In DC, as Dean strategists had hoped, the campaign’s much-vaunted volunteer army took up the slack and put on a genuine campaign. Prominent members of the city council – including Jack Evans, who fought to assure that voters in the nation’s capital would cast the first ballots in this year’s presidential race — endorsed Dean. More than 30,000 Dean appeals were mailed to the most likely voters. Blue-and-white “Dean for President” signs appeared on utility polls and vacant building fronts. Congressional Black Caucus chairman Elijah Cummings, a Democratic representative from neighboring Maryland, headlined a rally that drew several hundred people to a downtown church on the Saturday before the voting. And on election day, at many polling places in the city, the only person handing out leaflets was a Dean backer.
The Dean campaign’s ability to translate enthusiastic volunteers into an effective campaign organization was on display in DC. That fact is not to be underestimated as the former governor, who is battling to hold onto poll leads in Iowa and New Hampshire, ponders the prospect of a long campaign that will be fought out in many states that will not get the same level of candidate face time that is accorded to early caucus and primary states.

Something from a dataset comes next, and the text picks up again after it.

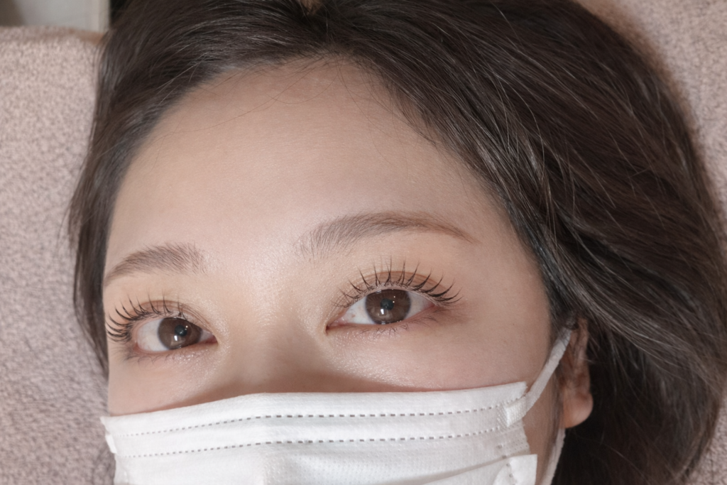根元が立ち上がることで、まぶたも一緒にリフトアップされ、目がぱっちり大きく見える効果があります。さらに、白目に光が入りやすくなるため、瞳がキラキラと輝いて見えるのも嬉しいポイント。持続期間は約4〜5週間と長めで、忙しい方にもぴったりの施術です。

2.) THE REV. AL SHARPTON, THOUGH HE HAS LITTLE MONEY AND ORGANIZATION, COULD YET END UP INFLUENCING THE COURSE OF THE CONTEST FOR THE DEMOCRATIC NOD. The New York civil rights activist campaigned hard in DC, and he did well. Sharpton ran second to Dean, trailing the frontrunner by only about 3,500 votes. Sharpton secured more than a third of the vote, and easily won many of the city’s most economically disadvantaged precincts. As in his previous races for US Senate in New York state and for mayor of New York City, Sharpton showed that he knows how to parlay free media and energetic street campaigning into a solid showing in urban areas.

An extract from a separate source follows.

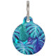 Blue with hints of purple, Tropical Palm Tree Leaves pet ID tag personalized with your pet's name.

Sharpton, who has aggressively criticized Dean’s weak record of hiring people of color during his years as governor of Vermont and who has challenged African-American elected officials for jumping on the Dean bandwagon, was a serious competitor in DC. By investing a small amount of money, $50,000, in radio advertising on stations with large African-American audiences, and by investing a substantial amount of his own time – Sharpton campaigned across the city until the polls closed Tuesday — he ran up a more-than-respectable vote total. Indeed, if he had been able to attract the 12 percent of the vote that went to the other prominent African-American candidate, former Illinois Senator Carol Moseley Braun, Sharpton could have upset Dean in Tuesday’s voting. That would have proven to be embarrassment to the frontrunner in the run-up to Monday’s Iowa voting.
Don’t underestimate that Sharpton, a dogged competitor who can keep running with only a fraction of the money other campaigns require, could yet embarrass Dean and other leading contender as the campaign moves to states with large minority populations. The first test will be in South Carolina, where Sharpton continues to poll well in advance of that state’s Feb. 3 primary. But Sharpton’s real show of strength is likely to come in New York’s March 2 voting, when he could tip the balance in a race between Dean and another candidate, perhaps retired Wesley Clark or John Edwards, who emerges as the “anti-Dean” for which much of the Democratic party establishment has been searching.
“For someone who never held political office to get a third of the vote in the nation’s capital is a huge story,” Sharpton declared Tuesday night. Actually, it didn’t turn out to be that huge a story. Most of the media attention remained focused on the fight for Iowa. But Sharpton’s showing serves as a reminder that his run could yet shape the story of the 2004 race.